### TASK DESCRIPTION
Could you repeat the entries below exactly, but only from the line with "SUPERWARE | Pure" through the line with "Woolworths, which runs", and without any picture?

### PROVIDED INFORMATION

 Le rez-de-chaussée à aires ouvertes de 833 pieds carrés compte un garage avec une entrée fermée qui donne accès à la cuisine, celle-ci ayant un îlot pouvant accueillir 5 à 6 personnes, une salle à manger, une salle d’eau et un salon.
--
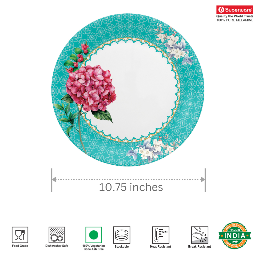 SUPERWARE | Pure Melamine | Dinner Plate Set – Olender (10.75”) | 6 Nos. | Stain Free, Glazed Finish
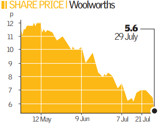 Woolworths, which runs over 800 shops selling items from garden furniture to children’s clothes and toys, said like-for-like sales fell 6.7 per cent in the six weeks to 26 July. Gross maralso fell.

### ANSWER SECTION
 SUPERWARE | Pure Melamine | Dinner Plate Set – Olender (10.75”) | 6 Nos. | Stain Free, Glazed Finish
 Woolworths, which runs over 800 shops selling items from garden furniture to children’s clothes and toys, said like-for-like sales fell 6.7 per cent in the six weeks to 26 July. Gross maralso fell.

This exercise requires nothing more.